I’m going to share some of my thoughts about multi-layer application API design. These are simple design problems, but I think it is good to have some discussion about them. Please feel free to present your point of view on these design items – I am eager to hear both supporting and contrary opinions!
- On business logic layer, do we need to return any values from update APIs?
In a Java application that I was recently building, I had a message list page to display a message data table. On this message list page, user can select multiple messages and execute a “Delete” API from my business logic layer, like
The question is does my business logic layer API “deleteMessages” need to return deleted message count to presentation layer?
Before giving my answer, we have to think about another question, how do we define “successful operation”? If the user selected two messages to “delete”, but for some reason, only one message has been deleted, do we think this is a successful scenario? If we said yes, our business logic layer API definitely has to return deleted row count to the presentation layer, because we have to inform the user how many of the messages have been successfully deleted.

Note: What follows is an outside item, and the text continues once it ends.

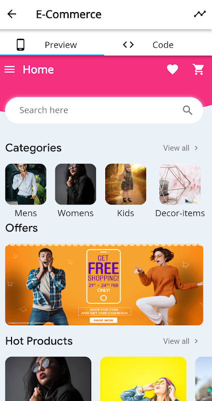 Przewodnik po kodzie Flutter przedstawia różne komponenty, widżety i ekrany Flutter w wersji demonstracyjnej z widokiem kodu źródłowego side-by-side.
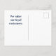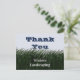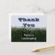 Expresa tu agradecimiento a tus leales clientes con esta económica postal promocional. La postal presenta césped verde oscuro pintado y un "cielo" azul claro. "Gracias" asoma por detrás de las hojas de césped. El nombre de su empresa aparece en fuente blanca profesional sobre el césped verde. El dorso de la tarjeta permite mucho espacio para palabras adicionales de agradecimiento que se pueden personalizar según las necesidades de su negocio.

If we said this is not a successful scenario, we have to check the updated row count in our business logic API, and throw an exception to rollback the transaction if the expected row count does not equal the real updated row count. In this case, we will have only two different scenarios, all of the expected messages have been deleted or throw an exception. So the updated row count will always equal the expected row count if the transaction succeed. So returning updated row count is not necessary.

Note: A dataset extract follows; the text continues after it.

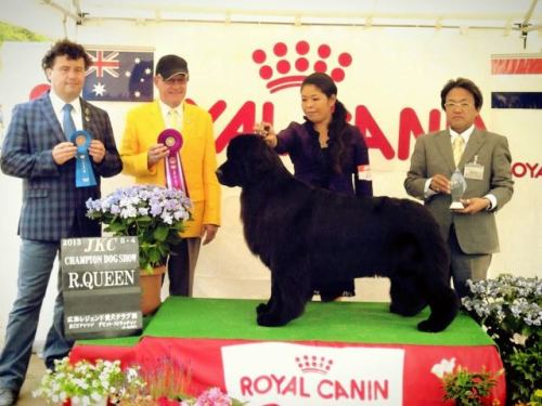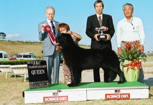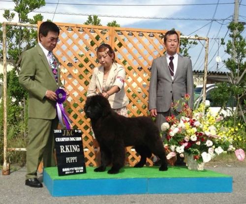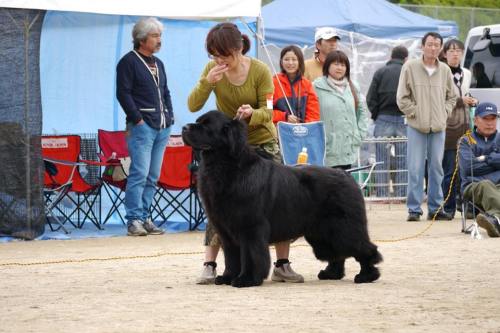 5月3日、4日、5日は尾道3DAY’Sのドッグショーです。ファミリーからの参加メンバーはまずはニューファン♂チャンピオンクラスの「レオン君」と♀ジュニアクラスの「おこげちゃん」が3日間、そして♀アダルトクラスの「おまめ」が4日、5日の参加です。3日、画像がありませんが「レオン君」がリザーブキングに輝きました。1歳代にして3回目の三賞入賞です。おめでとう、レオン君。3月21日生まれの仔犬たちのお兄ちゃんです。4日、レオン君はブリード戦を勝ち上がり(♂はジュニアクラス2頭、アダルトクラス1頭、チャンピオンクラス2頭)BOB&グループサードでした。おまめちゃんもブリード戦を勝ち上がり(♀はジュニアクラス1頭、ヤングアダルト1頭、アダルト1頭)BOB、そしてグループファースト、リザーブクイーンと素晴らしい成績でした。佐織ハンドラー&石内ハンドラーに感謝感謝です。。。我が家では野獣と呼ばれていた「おまめ」チャンピオンにリーチがかかりました。あと1枚頑張ってね!

But I still prefer to return updated row count, because it doesn’t cost anything. Even if we don’t want to return updated row count, we know the JDBC API (or other persistence framework APIs) still return the updated row count to us.
- On business logic layer, how to separate business logic from presentation logic?
I have to implement “delete” and “undelete” functionality for my message list; in the database, we are implementing soft delete using a “DELETED” flag in the “messages” table. I designed two different APIs for this, like “deleteMessage(String meesageId)” and “undeleteMessage(String messageId)”. The “delete” operation executes:
UPDATE MESSAGES SET DELETED=’Y’ WHERE MESSAGE_ID=?
The “undelete” operation executes:
UPDATE MESSAGES SET DELETED=’N’ WHERE MESSAGE_ID=?
Do I need to merge those two different business logic layer API’s to one API like “updateMesssageDeleteFlag(String messageId, char yesOrNo)”?
My answer is no, because:
a) We don’t have a use case for “updateMessageDeleteFlag” method. If we don’t have use case controller, the business services in business logic layer should be the “use case controllers” and should be “transactional”. So in every use case, the presentation layer have to call only one corresponding business service API, otherwise, if we call two different service layer APIs in one use case, and one of the APIs succeed and the other one did not, then we will have conflict.
b) If we merged that two APIs, the presentation layer has to send ‘Y’ or ‘N’ to the business logic layer when we are going to do “delete” or “undelete”. This is wrong because setting the delete flag to ‘Y’ or ‘N’ is not presentation logic, so it should not be on the presentation layer.
- On business logic layer, when we need to do Defensive Programming?
When I am going to create a message, I have to do some validation on the corresponding form values. After the presentation layer validation, do I need to do the validation again in business logic layer APIs? I think it depends on how “secure” our business service consumers are. If we only provide services for our own presentation layer, it is not necessary to do the validation again on the business logic layer, because those validations are already done on the presentation layer. But if there is any possibility of opening our business logic layer APIs to other application systems or subsystems as remote services, we have to do the validation again in our business services, because it is possible to receive invalid method parameters from an “unknown” consumer.